As of 2000, there were 179 people who were single and never married in the municipality. There were 253 married individuals, 31 widows or widowers and 25 individuals who are divorced.

As of 2000, there were 198 private households in the municipality, and an average of 2.4 persons per household. There were 56 households that consist of only one person and 10 households with five or more people. In 2000, a total of 183 apartments (77.5% of the total) were permanently occupied, while 42 apartments (17.8%) were seasonally occupied and 11 apartments (4.7%) were empty.

The historical population is given in the following chart:

==Politics==
In the 2007 federal election the most popular party was the FDP which received 37.87% of the vote. The next three most popular parties were the CVP (28.39%), the SP (15.35%) and the SVP (11.79%). In the federal election, a total of 289 votes were cast, and the voter turnout was 68.8%.

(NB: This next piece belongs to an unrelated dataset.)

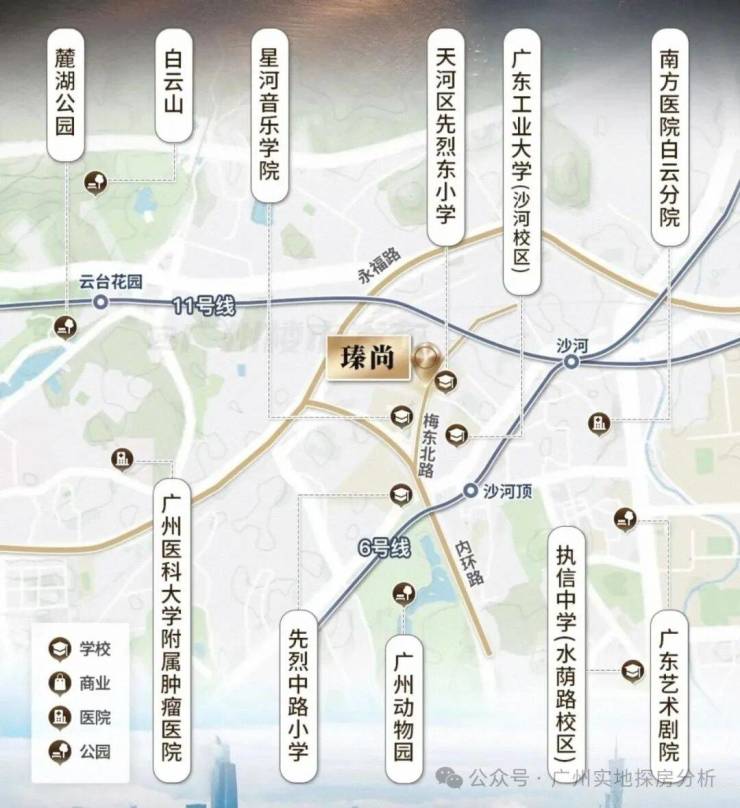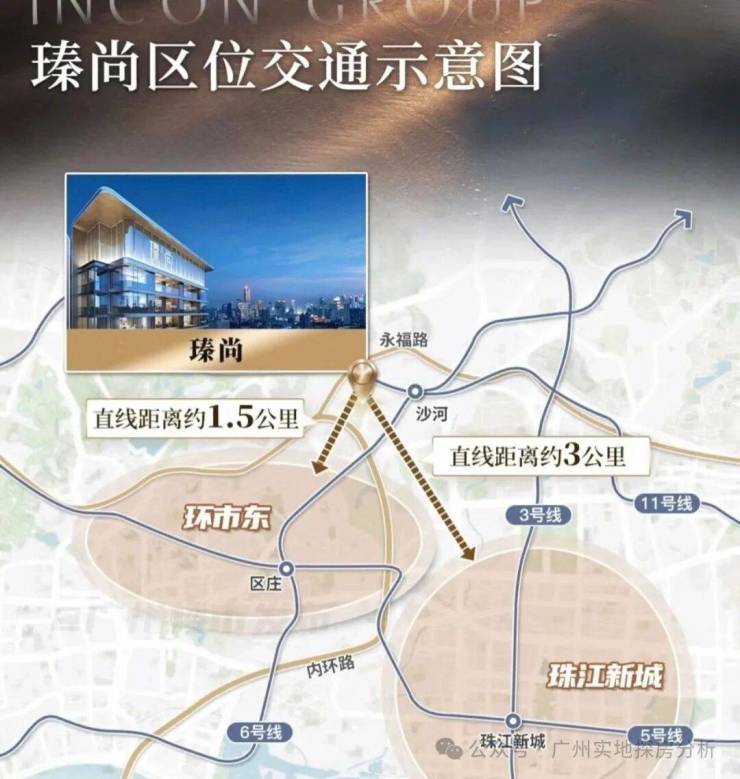 三地铁交织(5/6/11号线),距离6号线沙河顶站B出口约500米,1站至沙河站换乘广州大环线11号线,2站至区庄站换乘东西大动脉5号线。3站淘金,6站北京路、珠江新城。
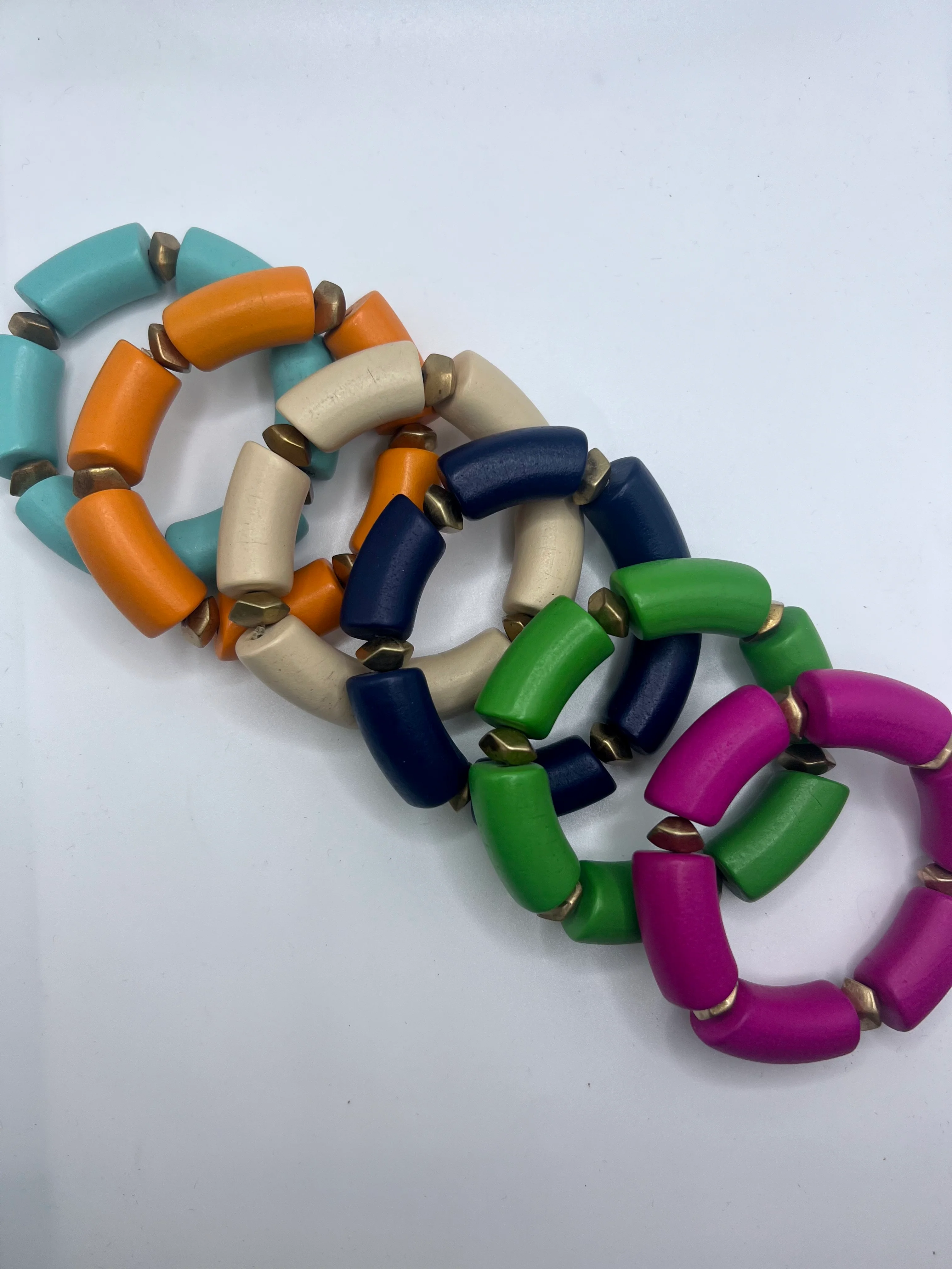 Our Amaya Bracelets are the perfect way to accessorize your summer wardrobe! A single stretch bracelet with a large wooden bead separated by a small gold bead. We love this bracelet on its own or wear a few together for a big impact. The options are endless and you will love wearing these all summer long!

In the 2009 Conseil d'État/Staatsrat election a total of 248 votes were cast, of which 15 or about 6.0% were invalid. The voter participation was 60.6%, which is much more than the cantonal average of 54.67%. In the 2007 Swiss Council of States election a total of 284 votes were cast, of which 13 or about 4.6% were invalid. The voter participation was 67.6%, which is much more than the cantonal average of 59.88%.

==Economy==
As of In 2010 2010, Collonges had an unemployment rate of 7.5%. As of 2008, there were 18 people employed in the primary economic sector and about 6 businesses involved in this sector. 43 people were employed in the secondary sector and there were 7 businesses in this sector. 18 people were employed in the tertiary sector, with 7 businesses in this sector. There were 232 residents of the municipality who were employed in some capacity, of which females made up 37.5% of the workforce.

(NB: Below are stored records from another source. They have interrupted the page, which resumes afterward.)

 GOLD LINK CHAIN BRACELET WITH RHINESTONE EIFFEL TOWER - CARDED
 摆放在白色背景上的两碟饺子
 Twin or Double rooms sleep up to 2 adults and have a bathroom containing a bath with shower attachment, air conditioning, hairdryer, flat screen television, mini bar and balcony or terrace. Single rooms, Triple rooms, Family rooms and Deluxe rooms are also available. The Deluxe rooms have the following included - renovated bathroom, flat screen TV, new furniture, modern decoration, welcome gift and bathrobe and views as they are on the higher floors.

In 2008 the total number of full-time equivalent jobs was 66. The number of jobs in the primary sector was 12, all of which were in agriculture. The number of jobs in the secondary sector was 41 of which 11 or (26.8%) were in manufacturing and 31 (75.6%) were in construction. The number of jobs in the tertiary sector was 13. In the tertiary sector; 1 was in the sale or repair of motor vehicles, 7 or 53.8% were in a hotel or restaurant, 1 was a technical professional or scientist, 3 or 23.1% were in education.

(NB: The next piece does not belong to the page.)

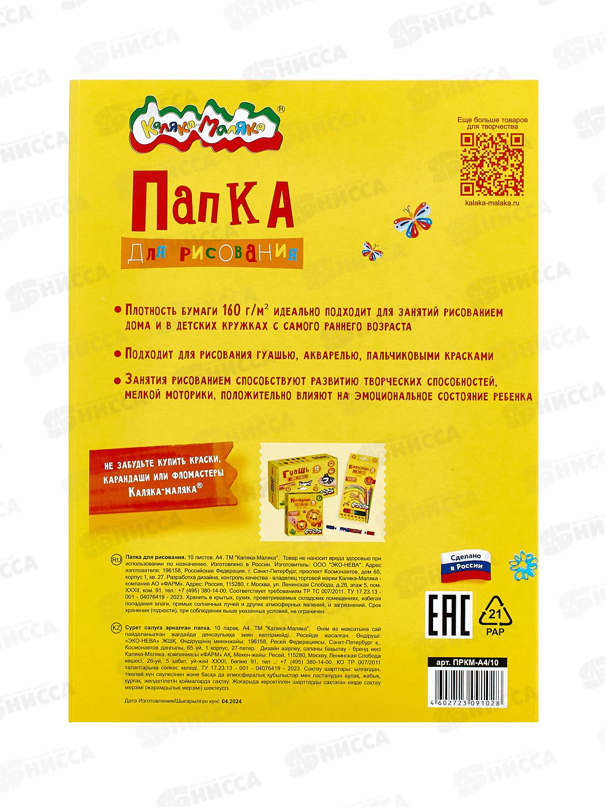 Папка д/рис. А4 10л Каляка-Маляка 160г/м2 ПРКМ-А4/10 *50
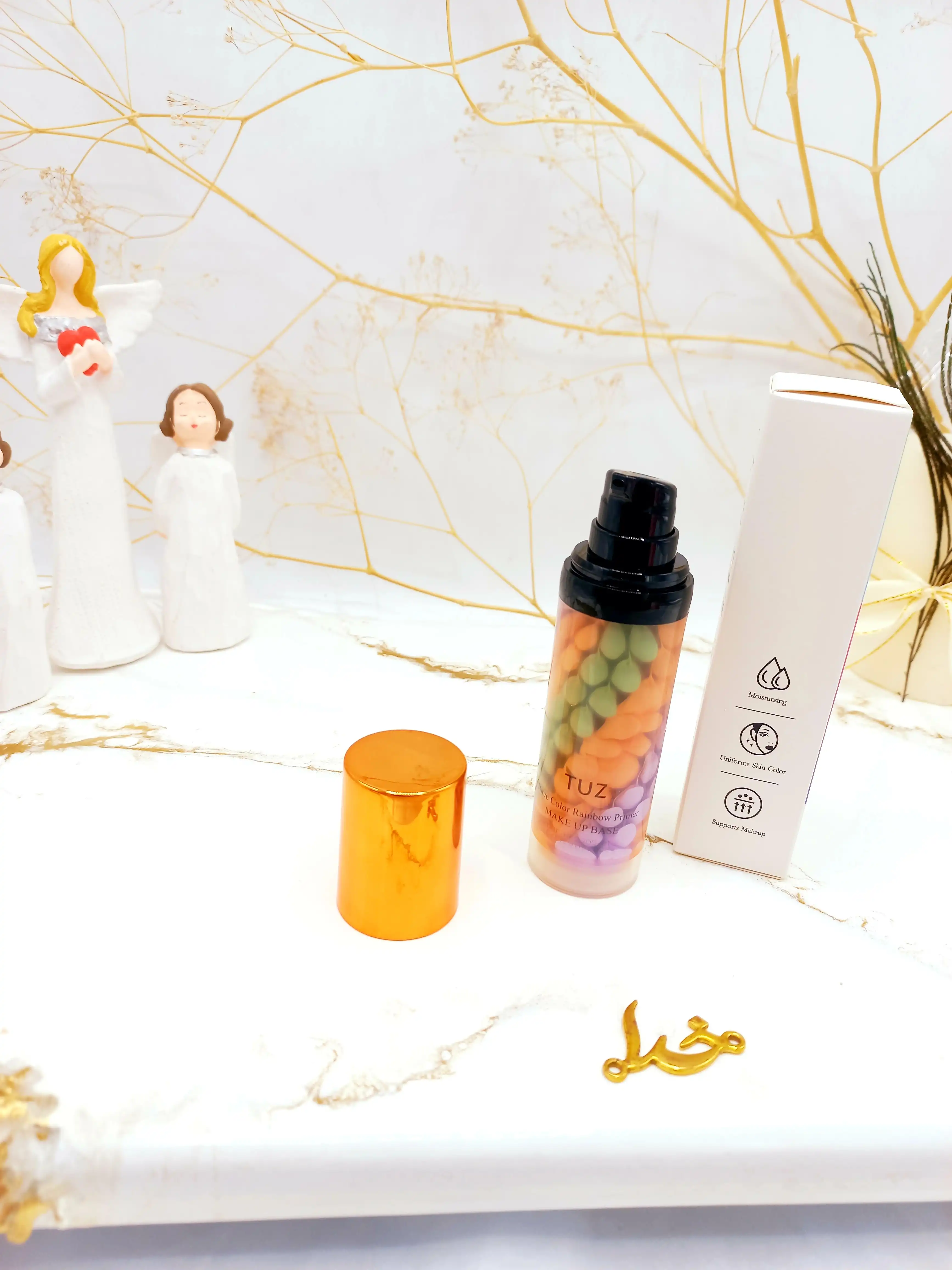 سه رنگ داخل خود دارد که هر کدام ویژگی های منحصر به فردی بر پوست شما میگذارد. رنگ سبز: قرمزی و التهاب جوش رو از بین میبرد. رنگ بنفش: رنگ یکدستی به پوست میده زردی از بین میبرد. رنگ نارنجی: هم تیرگی و کبودی ها رو کاور میکند. پرایمر رنگی tuz با داشتن هر ۳ رنگ، یک محصول تمام و کمال است. پرایمر آرایش را بی نقص میسازد و پوست را مخملی میکند. روش استفاده از پرایمر آرایشی : پس از تمیز کردن ، مقدار مناسبی از این پرایمر را بردارید و آن را به طور یکنواخت روی کل صورت بمالید و کاملاً در امتداد بافت پوست بمالید.

In 2000, there were 17 workers who commuted into the municipality and 184 workers who commuted away. The municipality is a net exporter of workers, with about 10.8 workers leaving the municipality for every one entering. Of the working population, 11.2% used public transportation to get to work, and 72.4% used a private car.

==Religion==
From the 2000 census, 386 or 79.1% were Roman Catholic, while 46 or 9.4% belonged to the Swiss Reformed Church. Of the rest of the population, there were 5 members of an Orthodox church (or about 1.02% of the population), and there was 1 individual who belongs to another Christian church. There was 1 individual who was Jewish, and 5 (or about 1.02% of the population) who were Islamic. There were 2 individuals who were Buddhist. 25 (or about 5.12% of the population) belonged to no church, are agnostic or atheist, and 17 individuals (or about 3.48% of the population) did not answer the question.

==Education==
In Collonges about 183 or (37.5%) of the population have completed non-mandatory upper secondary education, and 29 or (5.9%) have completed additional higher education (either university or a Fachhochschule). Of the 29 who completed tertiary schooling, 72.4% were Swiss men, 17.2% were Swiss women.

As of 2000, there were 31 students in Collonges who came from another municipality, while 54 residents attended schools outside the municipality.